Posted: Wed Nov 07, 2012 12:31 pm
by Tony McC
I do around a hundred layouts a year using 1120s, 700s and 420s. The more sizes used, the better the completed design, and it's the contrast between the largest and smallest sizes which emphasises the randomness of the layout.
I also do at least another hundred designs using just 3 or 4 sizes (300x300, 300x600, 600x600 and 600x900 is inexplicably popular) and while they do look good, I just know that if I was allowed to introduce another 3 sizes, it could look so much better. And then when you get onto the ranges where there are 10 or 12 modular sizes, the results are usually nothing less than stunning.
Posted: Wed Nov 07, 2012 5:09 pm
by lutonlagerlout
I have laid stonemarket millstone in the full range of sizes before i ever found this site and it was hard runnings
the result inside a large conservatory was great ,but a lot of swearing went into it
cheers LLL
Posted: Wed Nov 07, 2012 6:55 pm
by Tony McC
Funnily enough, one of the very first CAD designs I did for a random layout, way back in '93 I think it was, involved Millstone and that came about because my owld fellah joked that the job had become a millstone around my neck trying to work out what went where. I was more accustomed to working with natural stone in all sorts of odd sizes and hunting for a 'near fit' that could be trimmed to suit.

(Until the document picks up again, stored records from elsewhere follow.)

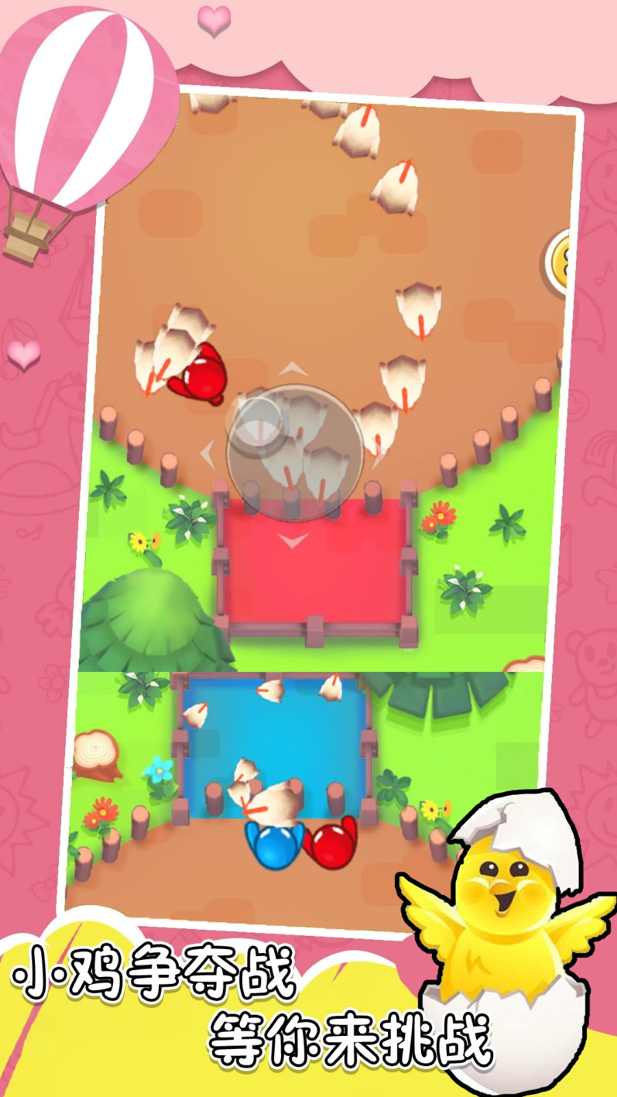 小鸡争夺战是一款休闲趣味小游戏,玩家需要在规定的场地内,尽可能的获得更多的小鸡并且获得小鸡解锁更多的关卡道具使用,获得更多地乐趣,喜欢的用户快来下载试试吧!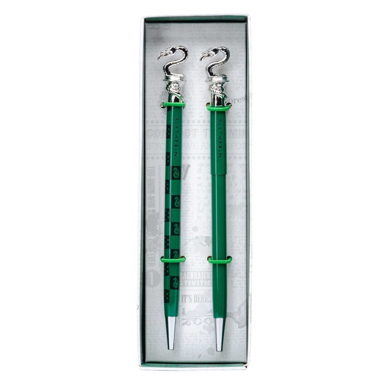Celebrate your love of the WIZARDING WORLD and bring a bit of magic to your writing with this beautiful pen and mechanical pencil set featuring a classic SLYTHERIN design.INCLUDES PEN AND MECHANICAL PENCIL:One of each essential writing instrument that look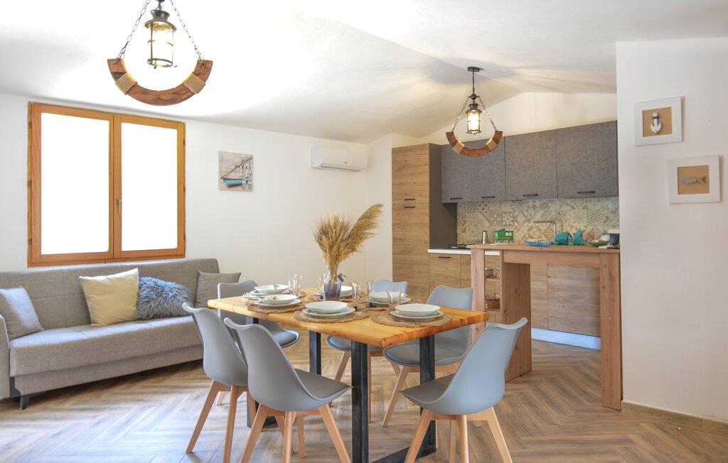 Interiøret er smagfuldt indrettet med stor sans for detaljer, hvilket skaber en varm og indbydende atmosfære. Det moderne køkken giver jer mulighed for at tilberede lækre måltider, mens den tilstødende hyggelige stue er ideel til afslappende aftener. Soveværelserne er klassisk og charmerende indrettede og tilbyder plads til afslappende nætter.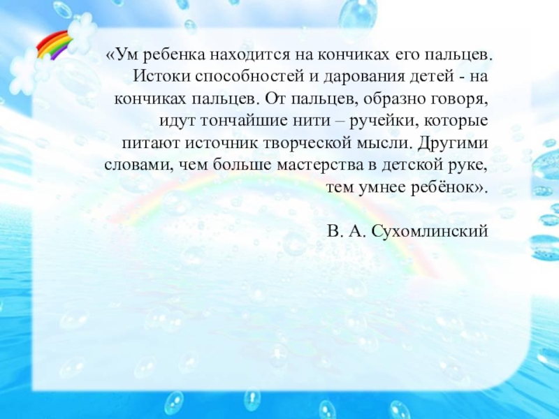 Слайд 2«Ум ребенка находится на кончиках его пальцев. Истоки способностей и дарования детей -

The first day on a random layout yorkstone job always used to be spent measuring what we had, chalking the sizes onto the flags, and then sorting them into guage widths. Traditionally, most 'straight from the quarry' flags worked ona 3" module, so you tended to get, for example, 18", 21". 24", 27" etc. pieces. Many had been cut down over the years, but a good load of salvaged flags taken from their original home would often have 80% or more that were still 3" modular, and so it was occasionally possible to plot out a design for large sections of the job in hand. All this was done on quadrille paper with a pencil and a well-worn large earser!
When multi-size modular flags first took off with the Marley stuff, it seemed that the job had become too easy all of a sudden!